When we see this definition, it might be easy to disregard the importance of soft skills when hard skills are the professional skills that will result in a job being done, putting money in the bank.

Dr. Quach explained, “Soft skills are the interpersonal skills, personal attributes, types of behaviour that you need to interact with people and survive, to be better in the workplace, specifically they refer to soft skills as important in the workplace, if you can communicate better in the workplace you tend to work better with your colleagues, you work better in team work, you perform better, you are more disciplined”, these are all traits that make promotion more likely, a raise in salary and a higher level of success is more attainable with well developed soft skills.

There is an obvious difficulty in teaching something that cannot be measured, without a gauge it can be difficult to understand or quantify how a student is progressing.

At AIS Dr. Quach explained, “soft skills are not teachable, but they are part of the curriculum, it is a process of learning that is incorporated in to the course ... participation in class gives students confidence, the confidence to participate in something, to be involved in something.”
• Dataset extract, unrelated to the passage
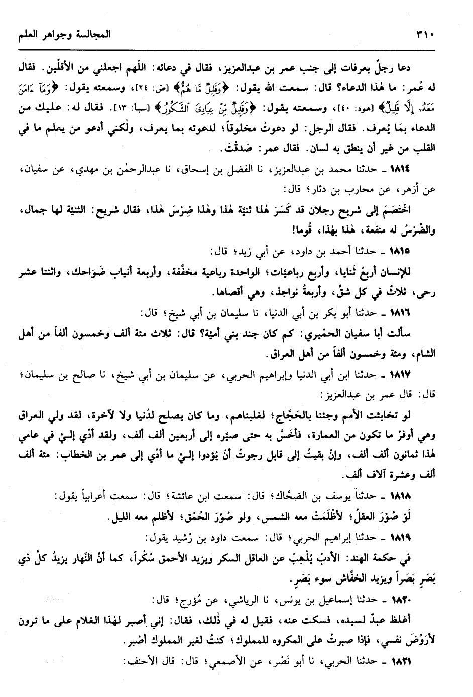 1418 - حدثنا أحمد نا إبراهيم الحربي نا داود بن رشيد نا أبو عبد الله الصوفي قال قال عيسى عليه السلام طالب الدنيا مثل شارب ماء البحر كلما ازداد شربا ازداد عطشا حتى يقتله
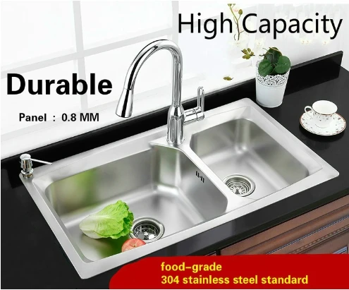 Best . (0% Off) Buy Free Shipping Apartment Luxury Wash Vegetables Kitchen Double Groove Sink 304 Stainless Steel Big Hot Sell 87x49 CM Cheap Online.

That self confidence and belief in their abilities is a way of developing soft skills, we can see the results when a student is comfortable expressing their opinion or answering questions.

As Dr. Quach said, soft skills “encourage the student and create a momentum of participation, that participation little by little, give the children the ability to communicate”.

Dr. Quach reflected, “10 or 15 years ago in Cambodia, the system was very teacher centric, teachers would teach and the students would listen. The students were so quiet, to the point where they were not brave enough to raise their hand or go on stage and give a presentation, so soft skills and the ability to express themselves was not there”.

Now things are changing in Cambodian education and thanks to schools like AIS, a new approach has been developed with prioritisation placed on soft skills.

Dr. Quach gave us an example of how AIS would impart the knowledge of soft skills to students, “the teacher will ask you, stand up, talk to each other, interact and communicate, so the process itself is a hard skill, but the feeling you get the ability to normalise interaction, to get used to it, that is a soft skill. That is very hard to measure and not very tangible, soft skills are something that you get from those processes (of interacting)”.

In terms of the right time to begin learning soft skills, Dr. Quach recommends that “usually as early as possible, it is never too early to incorporate in to a child’s mind these principles”, he said.

Given that the acquisition of soft skills is a life-long process, “the more you have students involved and the earlier you have students involved the better” recommends Dr. Quach.

At AIS, teaching soft skills is not just a classroom course, it is an integral part of the whole curriculum that can enhance student performance, enrich student’s self confidence and ultimately enhance their quality of life.